Mentre il mondo continua a oscillare tra l’ottimismo di chi intravede una luce in fondo al tunnel grazie all’arrivo dei vaccini e il pessimismo di chi considera imminente la terza ondata della pandemia, il sistema produttivo inevitabilmente si trova a subire uno stallo sempre più preoccupante. Secondo la Banca europea degli investimenti, per oltre l’80% delle imprese l’incertezza è il principale motivo di freno agli investimenti, per l’Italia questo dato sale addirittura al 96%. Da più parti si invocano, a giusta ragione, garanzie e rassicurazioni che possano andare oltre la fase dell’emergenza.

Nella primissima fase della crisi, a marzo e aprile, è stato affrontato prioritariamente il problema della liquidità delle imprese che, in Italia, il Governo ha provato a tamponare fornendo la propria garanzia sull’erogazione di nuovi prestiti e sulle moratorie di quelli già in essere. In questo modo, attraverso il sistema bancario, chiamato a svolgere un ruolo di estrema delicatezza, è stata possibile l’immissione della liquidità necessaria a dare immediatamente ossigeno e a preservare il sistema produttivo e il futuro delle famiglie. Ora però lo scenario sta rapidamente mutando e dalla fase dell’emergenza sarà necessario passare, al più presto, a quella ancora più complessa e delicata della ricostruzione. Bisogna cioè uscire dall’incertezza.

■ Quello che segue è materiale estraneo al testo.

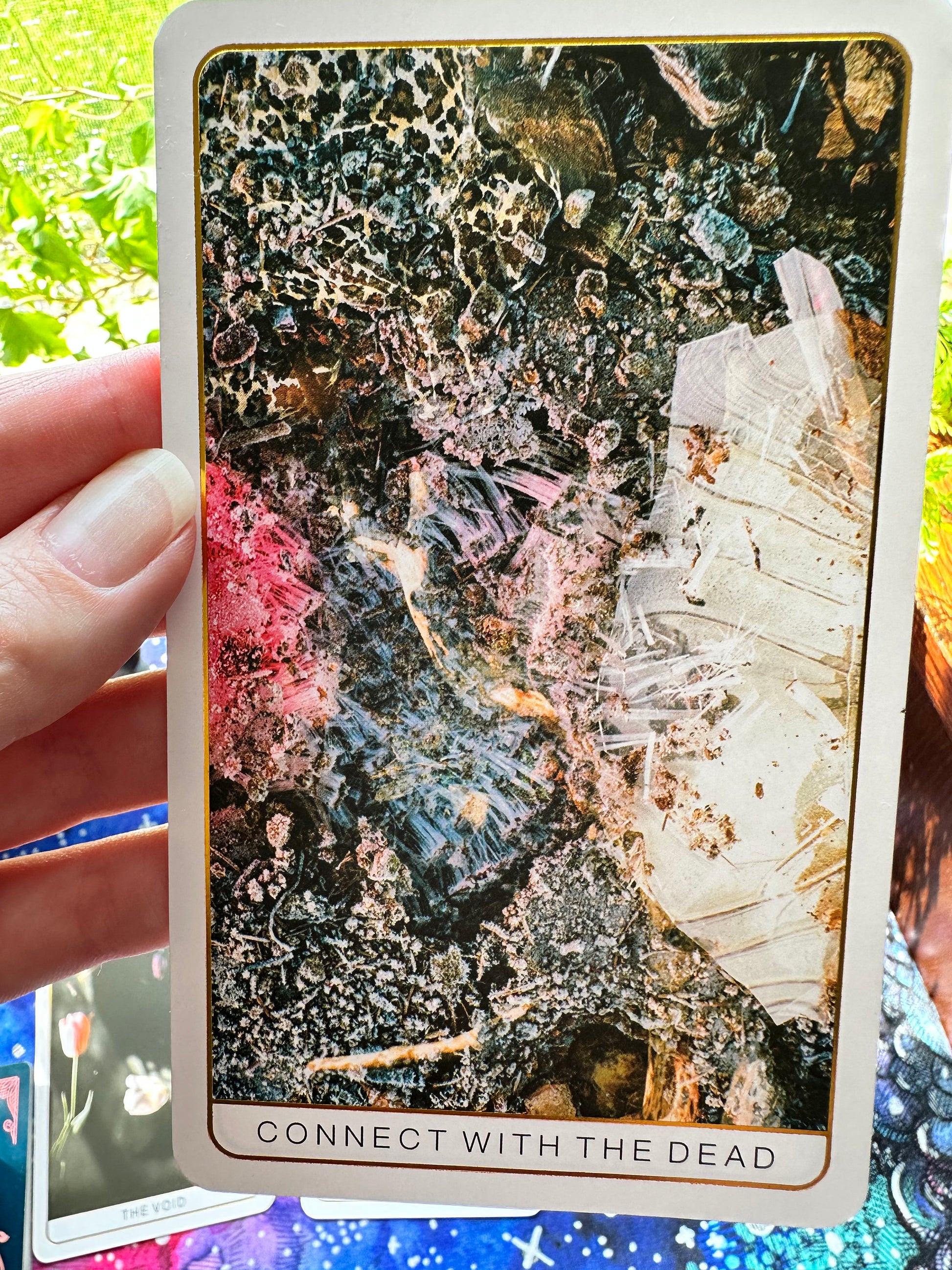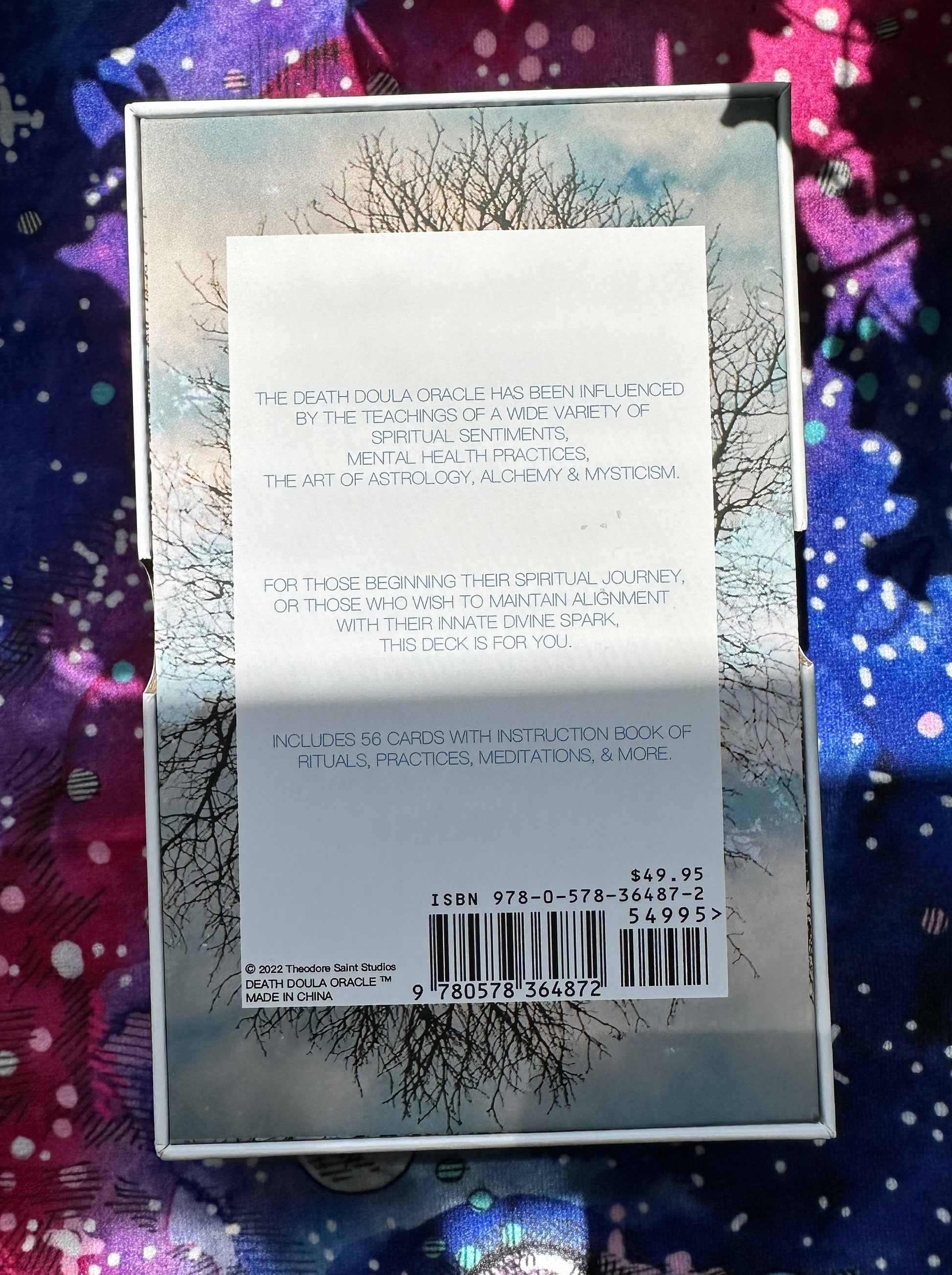 From the creator, "The Death Doula Oracle is designed to promote mystical & spiritual experiences at any stage of one's life, guiding the reader down a path of healing, self-discovery & rebirth. This deck becomes your personal doula and guide, gently aiding your spiritual unfoldment, revealing your truest self while giving you the tools to live and die with grace. For those beginning their spiritual journey, or those who wish to maintain alignment with their innate divine spark, this deck is for you."

Come visto dai dati della Bei è questa la condizione preliminare per qualsiasi investimento e, di conseguenza, per la futura ripresa. Affinché ciò sia possibile sarà necessario fare in modo che quella liquidità immessa nei mesi di marzo e di aprile – attraverso i prestiti e le moratorie – non si trasformi in crediti deteriorati. Se, infatti, è senz’altro vero che le garanzie sono dello Stato, è altrettanto vero che il peso delle insolvenze ricade immediatamente e prima di tutto sulle banche. Il problema è di estrema delicatezza ed è stato colto molto correttamente ed intelligentemente dal direttore generale della Banca di Cambiano, Francesco Bosio, il quale, in una recente intervista, ha messo in guardia dal pericolo che incombe sul sistema bancario e di conseguenza sull’intero sistema produttivo. La tenaglia che si va stringendo sulle banche non è di certo nuova ma, in questa crisi epocale, è senza dubbio molto più pericolosa che in passato.

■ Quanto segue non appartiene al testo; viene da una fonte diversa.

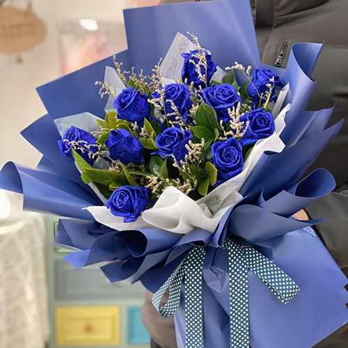 [材 料]:11枝蓝色妖姬玫瑰,情人草、栀子叶搭配
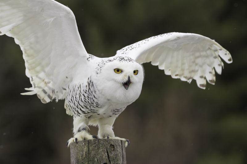 雪鸮有黑色的喙和黄色的眼睛,它们以啮齿动物、草原田鼠和老鼠为食。雪鸮有着敏锐的视力,可以从高空捕捉到猎物的踪迹,它还有着锋利的爪子,可以攻击人类的头部和面部。
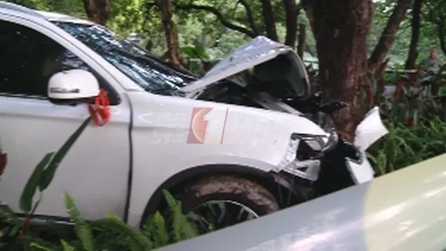 事情發生在7月21日下午3點50分,在事發現場可以看到一輛白色三菱汽車撞到了一棵樹,車頭被撞得完全凹陷,支離破碎。
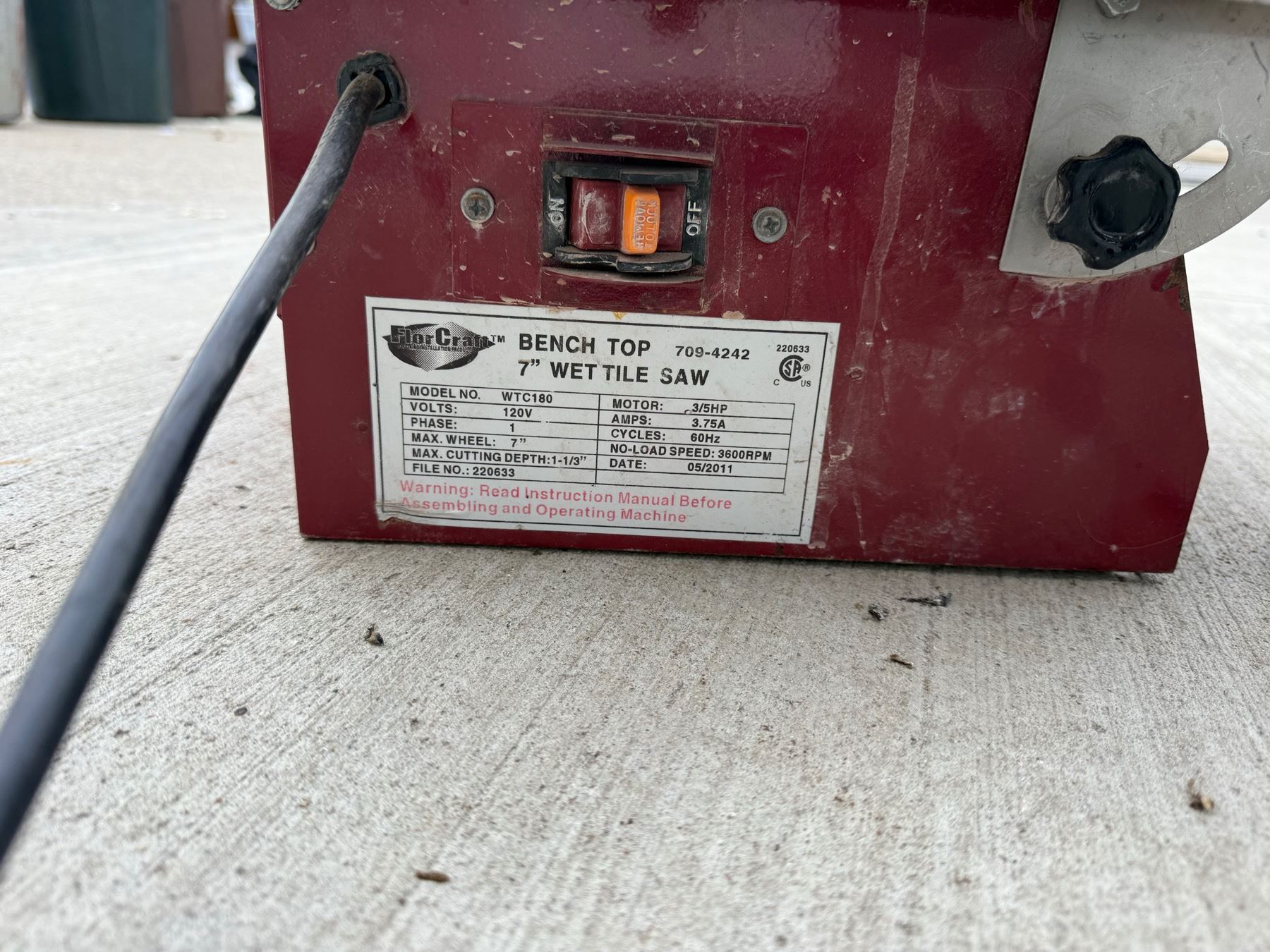 FLOR-CRAFT BENCH TOP 7-IN WET TILE SAW - WORKS!

Se da un lato, infatti, si chiede alle banche di fare credito a partire dalle piccole e medie imprese per sostenere l’economia, dall’altro si impone loro di destinare risorse sempre più ingenti per proteggersi dalle eventuali insolvenze, fino a impedire la divisione degli utili per accantonarli. Come se non bastasse decisori e regolatori sono soggetti differenti: a sollecitare le banche a concedere prestiti è il Governo nazionale mentre a chiedere il puntuale rispetto delle norme sugli accantonamenti è la Banca centrale europea in base ad una classificazione dei crediti deteriorati molto rigida ma pensata in periodi nei quali una crisi come quella attuale non era nemmeno immaginabile. Oggi, la rigida applicazione di quella normativa rischia di vanificare tutti gli interventi di sostegno all’economia realizzati con i provvedimenti governativi e di portare addirittura a una contrazione del credito.

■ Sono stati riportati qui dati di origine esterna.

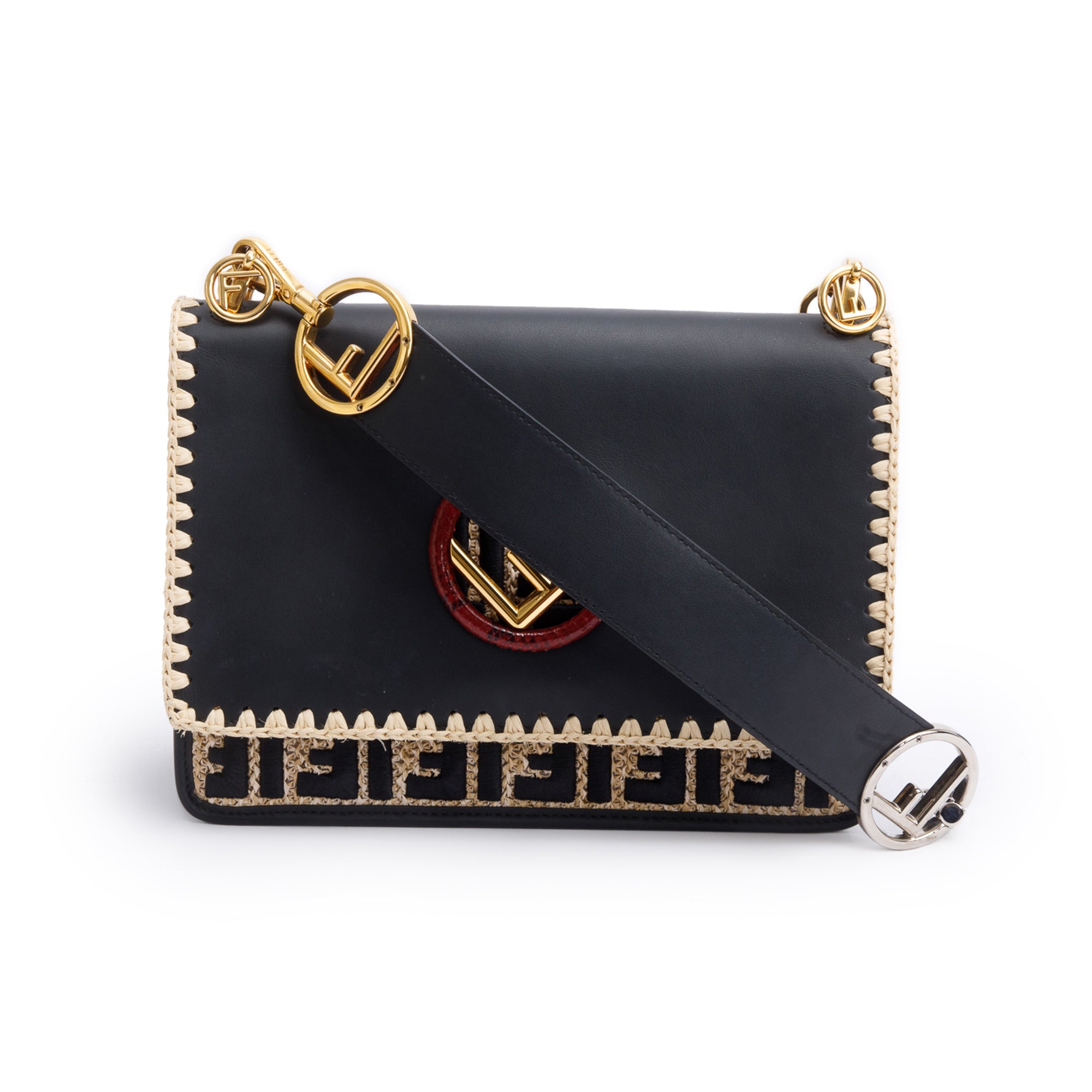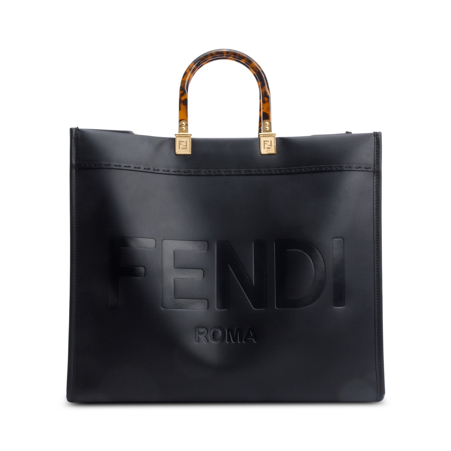 Black FF Embossed Leather Mini Sunshine Shopper Tote

Da questa morsa, però, siamo obbligati a uscire. L’esigenza di sostenere il sistema produttivo, dando liquidità e certezze rispetto al futuro, soprattutto alle piccole e medie imprese e alle famiglie, ma anche al sistema bancario di poter svolgere pienamente il proprio ruolo di intermediazione del credito, è doveroso al fine di ridurre l’impatto sociale ed economico della crisi. È necessario ma è anche possibile. Molto utile in situazioni come queste è la conoscenza delle realtà produttivi dei territori.

Le banche del territorio, quelle più grandi come quelle più piccole, grazie allo storico rapporto che le lega ai territori nei quali sono storicamente insediate, sono in grado di saper riconoscere la vera imprenditorialità, le potenzialità e le capacità dei singoli e di saper e poter fare quelle scelte critiche necessarie per ridurre al minimo i rischi e allo stesso tempo sostenere, attraverso il credito, la ripresa per declinare, così, in concreto una funzione realmente anticiclica.